▶ _TASK TO COMPLETE_: What is needed is an exact retyping of each entry, pictures excluded.

****************

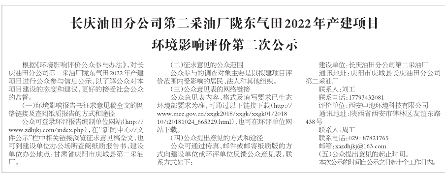 长庆油田分公司第二采油厂陇东气田2022年产建项目环境影响评价第二次公示
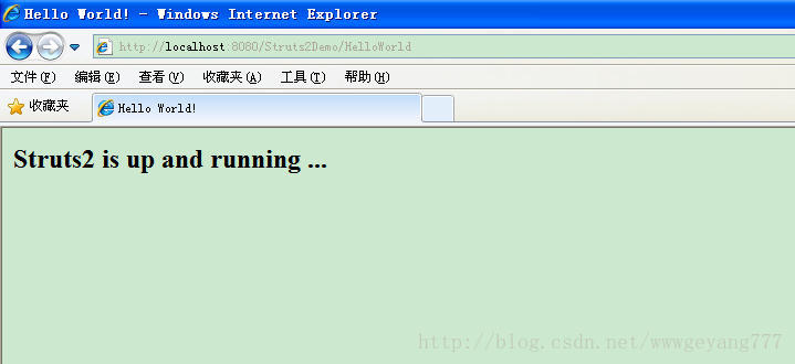 在Tomcat中执行该项目,然后打开浏览器,在地址栏中输入:http://localhost:8080/Struts2Demo/HelloWorld
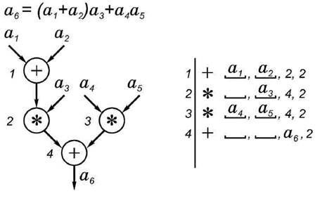 Рис.2.1. Информационный граф математического выражения и порядок выполнения операций в выражении.
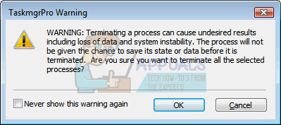 - Click Yes to the message which is going to be displayed: “WARNING: Terminating a process can cause undesired results including loss of data and system instability….”
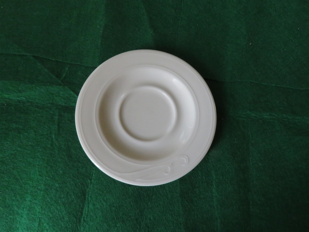 Homer Laughlin Lyrica Lead Free Restaurantware Saucer 5 1/2 inches diameter Cup 3 ¼ inches tall. 3 1/8 inches diameter. Plain ivory. Excellent condition. No visible wear. No chips, dings or cracks. Vintage piece must be considered as used. |
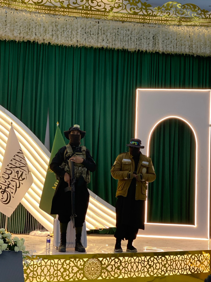 An indoor scene in Kandahar, Afghanistan, depicts two individuals standing on a decorated stage, likely during a formal event or ceremony. Both individuals are dressed in a combination of traditional…read more

****************

▶ _ANSWER BOX_:
 长庆油田分公司第二采油厂陇东气田2022年产建项目环境影响评价第二次公示
 在Tomcat中执行该项目,然后打开浏览器,在地址栏中输入:http://localhost:8080/Struts2Demo/HelloWorld
 Рис.2.1. Информационный граф математического выражения и порядок выполнения операций в выражении.
 - Click Yes to the message which is going to be displayed: “WARNING: Terminating a process can cause undesired results including loss of data and system instability….”
 Homer Laughlin Lyrica Lead Free Restaurantware Saucer 5 1/2 inches diameter Cup 3 ¼ inches tall. 3 1/8 inches diameter. Plain ivory. Excellent condition. No visible wear. No chips, dings or cracks. Vintage piece must be considered as used. |
 An indoor scene in Kandahar, Afghanistan, depicts two individuals standing on a decorated stage, likely during a formal event or ceremony. Both individuals are dressed in a combination of traditional…read more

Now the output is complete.